Whether they are using personal narratives as an anchor point, or negotiating visual forms through the lenses of sculpture or painting, craft as a method in these two exhibitions is meant to raise conversations about the unspoken, unseen and invisible. In many ways, the artists intend for the craft techniques used to create deceptions of domestic craft’s accepted meanings and allusions.
Ginette Chittick continues to use the handspun yarn as part of her materials to create an explosion and cacophony of colours in her sculptural wall and standing pieces. Titled Echoes and This Must be the Place (Figure 7), the main work is a pair of shoji screens that are festooned with assortments of yarn latch-hooked and integrated onto one side of the screens, creating a visual compartmentalisation of space, one that she carefully carves out as time and space of her own. The notion of the screen and its symbolic demarcation of the domestic and the public also serves as a metaphor for the often unseen physical and emotional labour of women in the home. Across from the screens, Chittick’s smaller pieces of works titled The Diamond Sea (Figure 8) utilise the same technique of latch-hooking to create small tapestries made with handspun yarn and acrylic. The geometric acrylic shapes are a reference to the Memphis design style that Ginette was inspired by during a time that she was in the process of moving house and scouting for interior design ideas. For Ginette, such objects endure in the mundane everyday but are not accorded a place in contemporary art and it is her desire to imbue them with narratives of female agency and power.
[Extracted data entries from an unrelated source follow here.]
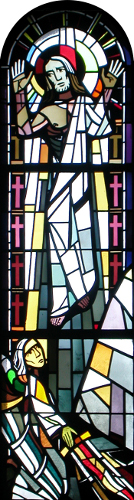Die Begegnung des Thomas mit dem Auferstandenen Jesus. Dies ist übrigens das gleiche Motiv, wie es das Wandfresko im Kirchenschiff vorne rechts darstellt.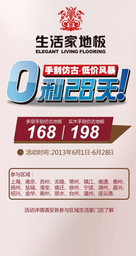 活動主題:0利28天 手刮仿古低價風暴 活動時間:2013年6月1日-6月28日 參與區(qū)域:上海、南京、蘇州、無錫、常州、鎮(zhèn)江、南通、泰州、揚州、鹽城、淮安、宿遷、連云港、徐州、寧波、湖州、嘉興、紹興、金華、衢州、麗水、臺州、溫州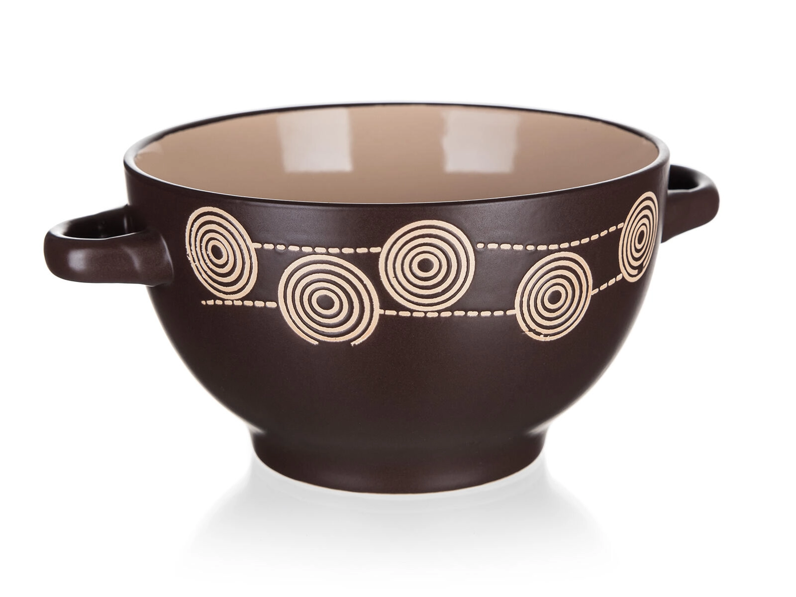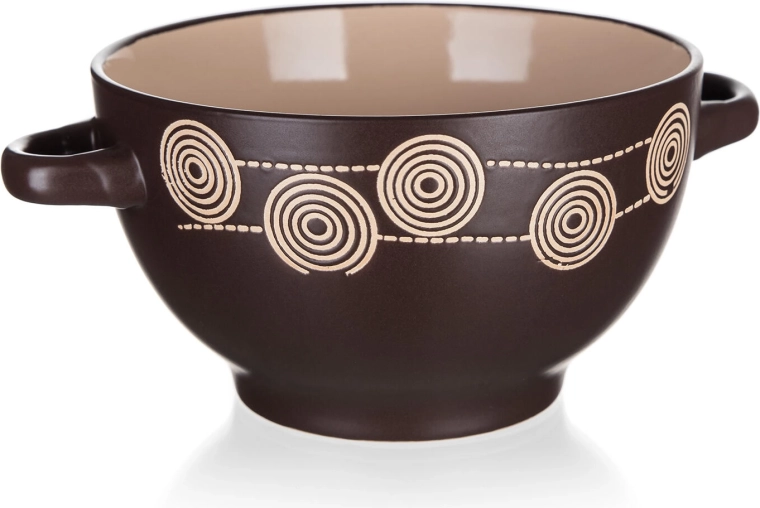 Stylová keramická miska s uchy a dekorem Spirála v tmavě hnědé barvě je ideální pro servírování polévek, müsli či těstovin. Nabízí objem 660 ml, je odolná a snadno udržovatelná – lze ji používat v mikrovlnné troubě a mýt v myčce na nádobí. Praktický průměr 13,5 cm a pohodlná ucha zajišťují snadné přenášení i každodenní komfort.

Figure 7: This Must Be the Place (left) and Echoes (right) (2021) by Ginette Chittick
Figure 8: Part of The Diamond Sea series (2021) by Ginette Chittick
Hazel Lim’s experimentation with origami and paper folding takes one on a visual journey through her composition of colour swatches. The interlocking and repeated design of the square origami unit continues to be the main feature in her work, as employed in the first exhibition Planes and Envelopes. By placing the folded paper tapestries within acrylic boxes carefully selected to reflect an associated family of colours, the origami folds and drapes against the backdrop of the coloured acrylic planes create unexpected gradients and hues of colours and shadows (Figure 9). This play on coloured forms is related to her on-going interest in colour theory, semiotics of colours and optical perspectives. As a corollary to the paperwork, Aerobics and Squaring the Circles (Figure 10) are using an entirely different technique of punch needle embroidery to explore craft’s diagrammatic and instructional images. For her, these diagrams are overlooked as visuals worthy of being considered as art images, much in the same category as maps, architectural blueprints and signages. Thus, these embroidery pieces are playful derivations of drawings that use notations and symbols to signify stitches in craft books, and at the same time, echoing similar gradients of shades found in her origami tapestry pieces.
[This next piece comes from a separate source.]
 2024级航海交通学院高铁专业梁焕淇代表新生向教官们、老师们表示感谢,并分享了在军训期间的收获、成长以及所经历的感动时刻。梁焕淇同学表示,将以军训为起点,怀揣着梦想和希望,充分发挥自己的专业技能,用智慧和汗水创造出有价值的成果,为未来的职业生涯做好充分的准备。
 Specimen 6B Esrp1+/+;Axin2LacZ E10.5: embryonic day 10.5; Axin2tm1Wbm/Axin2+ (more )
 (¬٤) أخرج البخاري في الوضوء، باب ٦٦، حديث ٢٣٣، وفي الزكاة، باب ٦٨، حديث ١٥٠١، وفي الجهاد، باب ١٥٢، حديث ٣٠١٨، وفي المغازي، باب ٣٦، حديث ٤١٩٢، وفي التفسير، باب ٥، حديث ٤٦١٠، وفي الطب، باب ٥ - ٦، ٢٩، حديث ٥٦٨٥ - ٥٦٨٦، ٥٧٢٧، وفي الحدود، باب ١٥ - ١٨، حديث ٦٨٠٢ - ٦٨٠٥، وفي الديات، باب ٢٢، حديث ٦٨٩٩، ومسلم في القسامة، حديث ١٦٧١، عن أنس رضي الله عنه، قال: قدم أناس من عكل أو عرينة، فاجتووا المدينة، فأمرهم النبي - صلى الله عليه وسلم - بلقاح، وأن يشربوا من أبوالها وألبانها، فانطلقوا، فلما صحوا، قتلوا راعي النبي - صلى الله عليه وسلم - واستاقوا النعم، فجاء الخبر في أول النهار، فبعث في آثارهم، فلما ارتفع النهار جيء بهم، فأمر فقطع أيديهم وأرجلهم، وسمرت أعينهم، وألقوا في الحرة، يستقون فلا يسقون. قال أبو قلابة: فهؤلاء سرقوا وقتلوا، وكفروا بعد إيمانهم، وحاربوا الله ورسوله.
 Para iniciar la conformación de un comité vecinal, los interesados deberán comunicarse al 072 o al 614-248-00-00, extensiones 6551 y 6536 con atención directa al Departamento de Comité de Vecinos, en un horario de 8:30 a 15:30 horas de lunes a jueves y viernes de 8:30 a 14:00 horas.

Figure 9: The Garden (left), All Pastels, Twilight behind the Pine Trees (Centre) and Dance of a Happy Shade (right) (2021) by Hazel Lim
Figure 10: Squaring the Circles (2021) by Hazel Lim
Jodi Tan employs several ways to construct and imagine her abstract pieces, at times with drawings and collages, and other times through the cross stitching method. The works presented at the exhibition is an extension of her existing body of work entitled Sense of Order (Figure 11) made since 2013. For Tan, her intention with the cross stitch method is to create abstract images, which is a departure from the usual conventions of cross stitching which tends to be representational and includes motifs such as flora and animal designs. Working with found images that contain planes of shapes and colours and manipulating the pixel square units of the Aida cloth (Figure 12), she approaches the surface material as she would with a painting, and plans the composition in a way akin to a manual photoshopping method - cutting, pasting and repeating sections of the shapes or forms. However, unlike a painting where one could possibly observe the layering of brush strokes and analyze the construction of the image, cross stitch has no such layers – in this sense, any sort of visual cues for the viewer would be purely optical and lying on the surface, creating a curious environment where one has to take time to read the image differently.
Figure 11: Jodi Tan’s series of works (2013-2021) in Sewing Discord
Figure 12: Sense of Order #11 (2016) by Jodi Tan
In Nature Shankar’s movement-driven processes of spontaneous embroidery and fabric manipulation, she aims to create visual narratives that contextualise existence and uncomfortable personal experiences. As seen in Figure 13, catalysed by a desire to give voice and form to her responses to traumatic circumstances observed in daily life, her works candidly bring into view that which is often concealed or evaded. Fabrics which she finds comfort in are deconstructed and blended into pulp which she uses to create canvases that form the textured ground for her embroidered narratives. Raw, complex and unaltered experiences and emotions in the form of personal texts and narratives are embedded as layers onto the repurposed textiles, resulting in intimate stories that unfurl in large, intricate landscapes of unconstrained lines and shapes (Figure 14). Her physically intensive and meditative process aligns her entire being with the cathartic journey of allowing her responses to take form. While embodying the notions of care and empathy, these works also attest to the importance of holding space for questions that challenge our current state of affairs.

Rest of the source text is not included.